Blood ionized calcium levels and acute-phase blood glucose kinetics in goats after intramammary infusion of lipopolysaccharide.

The aim of this study was to determine the blood ionized calcium (Ca) levels and acute-phase blood glucose kinetics in goats with mastitis induced by an intramammary challenge of lipopolysaccharide (LPS). Five goats were subjected to intramammary challenge of either LPS (10 µg) or saline (control). Some clinical manifestations (rectal temperature, pulse rate, respiration rate, ruminal motility, physical activity, and dehydration) were observed, and blood was collected for the measurement of several parameters [ionized and total Ca levels, blood glucose level, pH, and white blood count (WBC)] at 0 (just before challenge), 1-4, 6, 8, 12 and 24 hr post-challenge in both the LPS and control phases. Milk was collected at 0 (just before challenge), 4, 8, 12 and 24 hr post-challenge to measure the somatic cell count (SCC) and N-acetyl-beta-D-glucosaminidase (NAGase) activity. In the LPS phase, increased rectal temperature, significantly decreased ionized Ca and total Ca levels and WBCs were observed compared with those at 0 hr, although there were no differences in all parameters between phases. LPS infusion significantly increased SCCs in milk and NAGase activity. The present results demonstrated that, during the acute phase of mastitis induced by intramammary challenge by LPS at a concentration sufficient to cause general symptoms in goats, a decreased blood ionized Ca level occurs, but not hypoglycemia.

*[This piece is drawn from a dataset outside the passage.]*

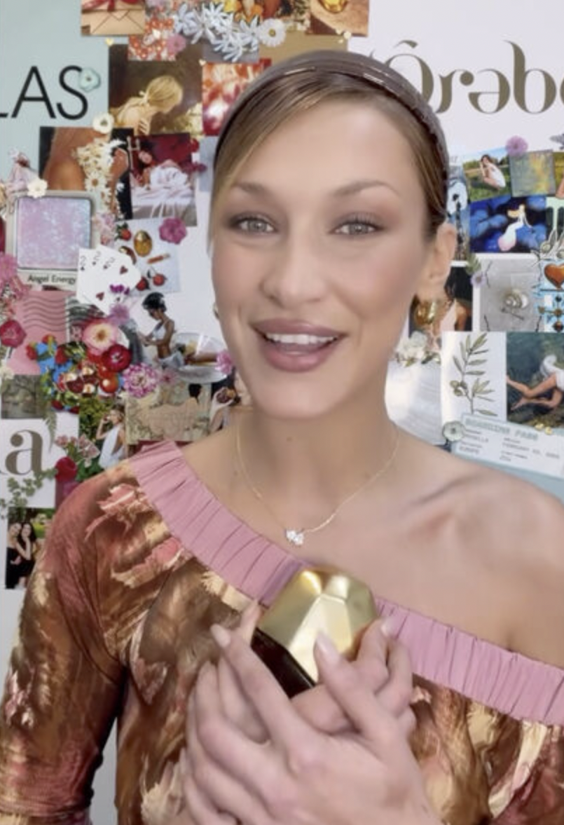 Модель Белла Хадид в топе со спущенным плечом снялась для рекламы духов

Mastitis is not only a bovine disease, which is a global issue, but also an important challenge for public health [14]. Acute coliform mastitis (ACM) is one form of mastitis, for which Escherichia coli is a major pathogen, and it is associated with a problematically high culling rate because its general symptoms can be serious. ACM progresses rapidly, making early detection and treatment vital. Early treatment strategies for ACM are based on an understanding of the state of the disease in the acute phase, and such understanding has thus assumed much significance. Serious general symptoms of ACM are induced through a biological reaction to the lipopolysaccharide (LPS) present in the cell wall of the pathogen, involving the release of inflammatory mediators [1]. Until now, mastitis has been studied in disease models induced by intravenous LPS challenge. These models have shown an acute-phase reaction characterized by hypocalcemia [18] and hypoglycemia, which follows a transiently high blood glucose level [10].

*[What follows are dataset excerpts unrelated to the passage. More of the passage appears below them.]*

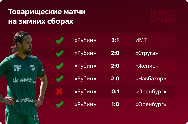 Важно отметить: у «Рубина» во время сборов сократилось количество матчей с девяти до семи. Матчи с «Кайратом» и «Борацем» были отменены по решению сторон. Артига эти проблемы компенсировал дополнительными тактическими тренировками, а для поддержания физической нагрузки матчи с «Женисом» и «Навбахором» были сыграны по 120 минут.
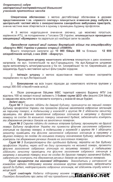 «Материалы о криминальной деятельности правоохранительных органов, на свой страх и риск, помогали собрать патриотически настроенные сотрудники СБУ и МВС. И наконец, у меня в руках оказались планы специальных операций по силовому разгону акций протеста «Волна» и «Бумеранг», - объявил Геннадий Москаль. Огласка документов - решение Москаля.«Мною было принято решение придать огласке часть этих планов; документы, которые доказывают, что снайперы на улице Институтской были сотрудниками подразделения внутренних войск, во главе которых стоит полковник Сергей Асавалюк, а также бойцы подразделения «Омега», - рассказал депутат. «Приказ на применение оружия спецподразделению ГУБОЗ Министерства внутренних сил «Сокол» дал Виталий Захарченко, экс-министр МВС», - добавил Москаль. Также он подчеркнул, что «на основе этих документов Генеральная прокуратура Украины должна открыть криминальные производства», о чем пишет "Украинская правда". «После этого я по собственной воле передам следователям Генпрокуратуры остальные материалы, которые указывают на причастность к кровопролитию в стране Виталия Захарченко, министра МВС, его первого заместителя Сергея Ратушняка, главу департамента гражданской безопасности МВС Александра Крикуна, командира внутренних войск Станислава Шуляка. А также исполняющего обязанности руководителя ГУМВС в городе Киеве В. Мазана, голову СБУ О. Якименко и его первого заместителя В. Тоцького и руководителя УСБУ в Киеве и Киевской области О. Щоголева», - добавил он. Геннадий Москаль сообщил: «Помощь в подготовке спецопераций СБУ и МВС предоставил экс-заместитель ГРУ России, который в то время проживал в гостинице «Киев». Власти украинского государства задействовали специалиста из Российской Федерации, поскольку наш руководитель СБУ оказался летчиком, а министр МВС – ОБХСС - ником». «Все данные о гражданине России будут переданы Генеральной прокуратуре, а степень его вины пусть определяет следствие. Кроме этого, я готов передать Генпрокуратуре доказательства, которые указывают на то, что при силовом разгоне Майдана СБУ и МВС действовали, как организованная преступная группировка», - рассказал Москаль. «О планах «Волна» и «Бумеранг» докладывалось высшему руководству государства, и вводились они в действие только после его одобрения», - отметил он и высказал свое возмущение, «что на данный момент, никому из чиновников не вручено сообщение о подозрении, никто их них не арестован или, по крайней мере, задержан». |
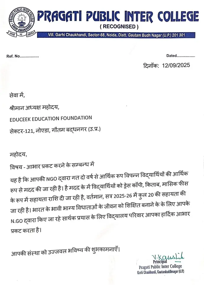 We are ​Educeek Education Foundation, dedicated to making a difference in people's lives mainly by means of providing education, providing food, providing Books and Stationary and helping them in getting admission in the school.

The blood ionized calcium (Ca) level is a clinical marker of circulating, physiologically active Ca. Ionic hypocalcemia is reportedly used as a prognostic indicator in dogs [4], in which it can occur with endotoxemia [3]. In bovine ACM, an association with hypocalcemia is reportedly much more likely when the condition is severe rather than mild [20]; however, acute-phase plasma ionized Ca levels have not been fully investigated. It has recently become clear that acute endotoxemia-induced hypoglycemia occurs when immunological glucose clearance overcomes the whole body’s glucose regulation mechanism [10]. Studies have stressed the importance of maintaining blood glucose levels in people with septic shock. Accordingly, an understanding of blood glucose kinetics in the acute phase of ACM is vital for the development of evidence-based therapies for this condition.

Serious symptoms are not been observed in every clinical case of ACM, and the symptoms can vary from mild to severe [19]. Contrasting evidence has emerged from reports on ACM up to the present: cases with no development of endotoxemia have been seen [11], while other researchers have noted endotoxemia in approximately 50% of ACM cases [7]. We consider that the disparity between these reports may reflect differences in the severity of ACM, although no consensus has emerged on this issue. Until now, models of ACM have been induced by intravenous LPS challenge, and they have attempted to reproduce a severe disease state with accompanying endotoxemia, and mild ACM has not been investigated. Consequently, there is little understanding of blood ionized Ca levels and acute-phase blood glucose kinetics in milder forms of mastitis induced with weak LPS inoculation.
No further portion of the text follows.